Return, unchanged and with no pictures, the lines below from the very first through the one that contains "En la grabación, que".

▶ _Records for this exercise_
^^^^

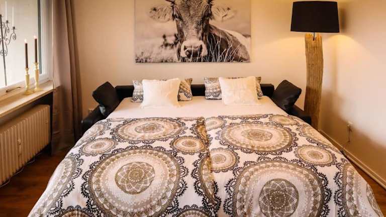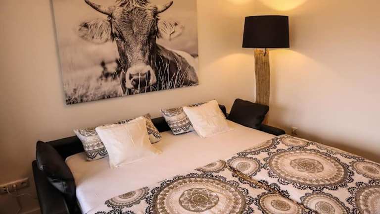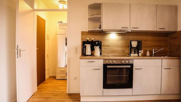 Die Ferienwohnung umfasst ein Schlafzimmer und eine Küchenzeile, die mit einem Kühlschrank und einem Ofen ausgestattet ist. Zur Einrichtung gehören ein Flachbild-TV, ein Sitzbereich und ein Badezimmer mit Dusche. Handtücher und Bettwäsche werden bereitgestellt. Zudem ist die Unterkunft als Nichtraucherraum ausgewiesen.
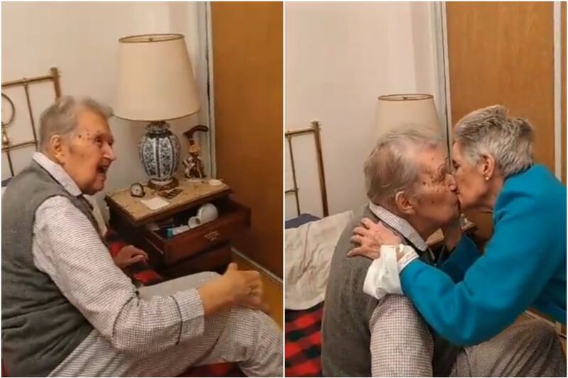 En la grabación, que dura apenas veinte segundos, se puede ver cómo el abuelo de Tomás estaba recostado, pero se incorpora como puede, con rapidez, emocionado, cuando ve entrar por la puerta a su pareja. “¡Ay, cosita linda, qué bien que estás!”, le dice con una sonrisa clavada.
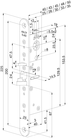 Anvendelse Fallelås til ud- og indvendige smalprofildøre. Må ikke anvendes i branddør eller døre med listetryk.
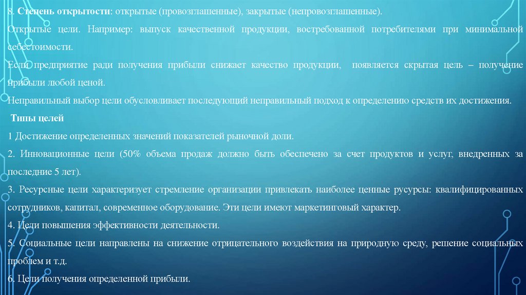 8. Степень открытости: открытые (провозглашенные), закрытые (непровозглашенные).Открытые цели. Например: выпуск качественной продукции, востребованной потребителями при минимальной
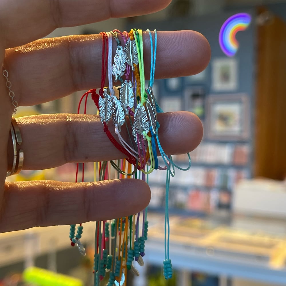 this bracelet is made with double thread, seed beads, sterling silver feather charm and a macrame closure to adjust any size.
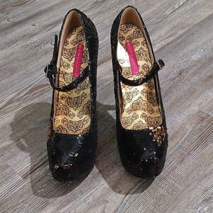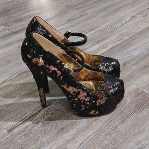 Bordello black gold shifting sequin stiletto 6" heels Sz 7 NWOT
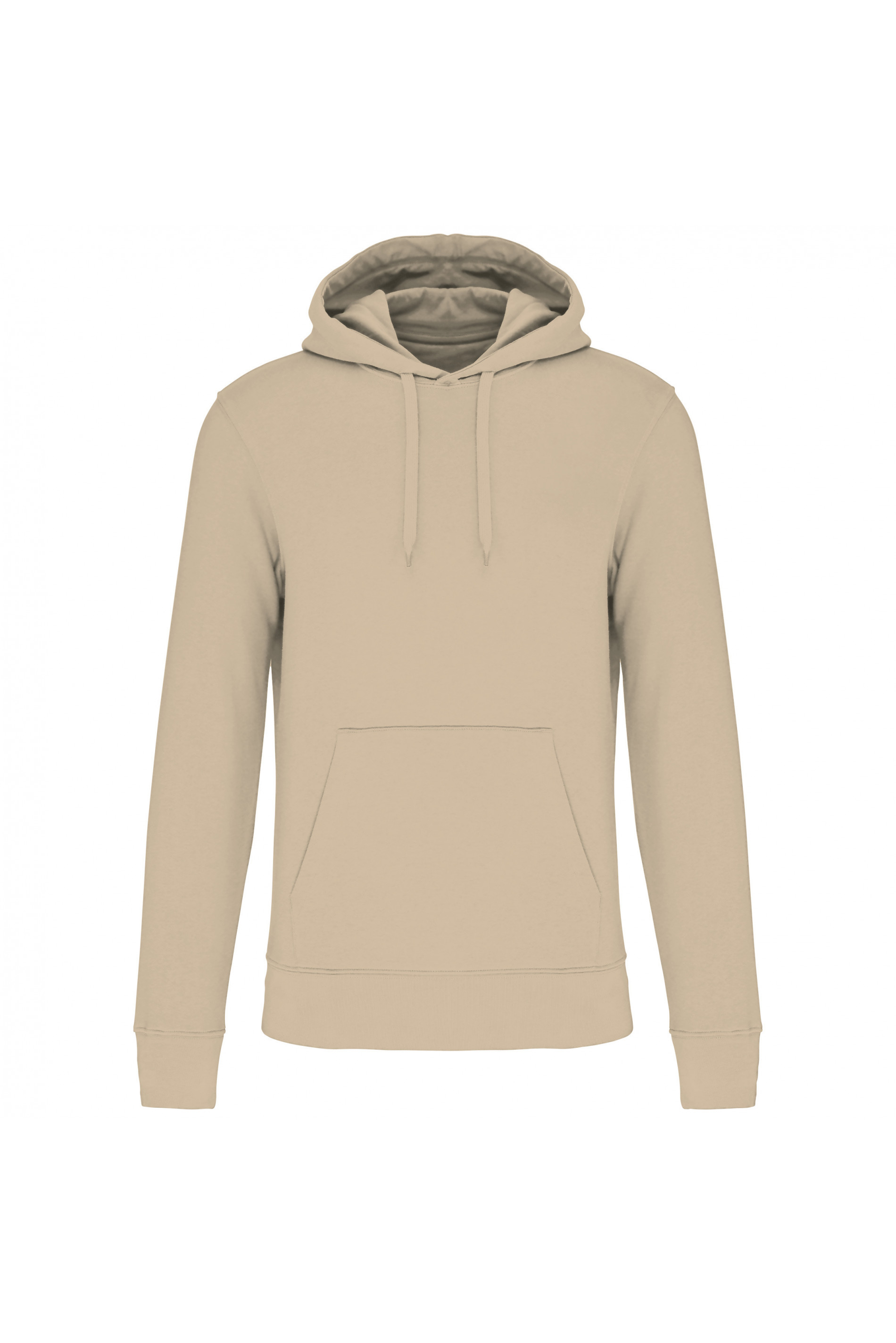 85% algodón orgánico / 15% poliéster reciclado. Felpa perchada de 3 hilos con tratamiento LSF (Low Shrinkage Fleece). Lavado enzimático. Corte recto. Para un mejor acabado canalé 1x1 tubular en puños y bajo de la prenda. Bolsillo canguro. Capucha forrada 100% algodón jersey de 180g. Tira cubrecosturas de jersey a tono y acabado de media luna en la parte interior del cuello. Doble pespunte en cuello, puños y bajo de la prenda. Sin etiqueta de marca en el cuello, únicamente una etiqueta con la talla para facilitar la personalización. Certificado STANDARD 100 by OEKO-TEX®N° CQ1007/7, IFTH.
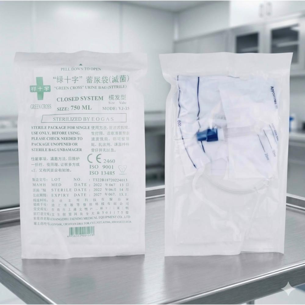 綠十字螺旋型小腿尿袋 750ml (導尿袋 尿液收集袋)

^^^^

▶ _Exercise output_
 Die Ferienwohnung umfasst ein Schlafzimmer und eine Küchenzeile, die mit einem Kühlschrank und einem Ofen ausgestattet ist. Zur Einrichtung gehören ein Flachbild-TV, ein Sitzbereich und ein Badezimmer mit Dusche. Handtücher und Bettwäsche werden bereitgestellt. Zudem ist die Unterkunft als Nichtraucherraum ausgewiesen.
 En la grabación, que dura apenas veinte segundos, se puede ver cómo el abuelo de Tomás estaba recostado, pero se incorpora como puede, con rapidez, emocionado, cuando ve entrar por la puerta a su pareja. “¡Ay, cosita linda, qué bien que estás!”, le dice con una sonrisa clavada.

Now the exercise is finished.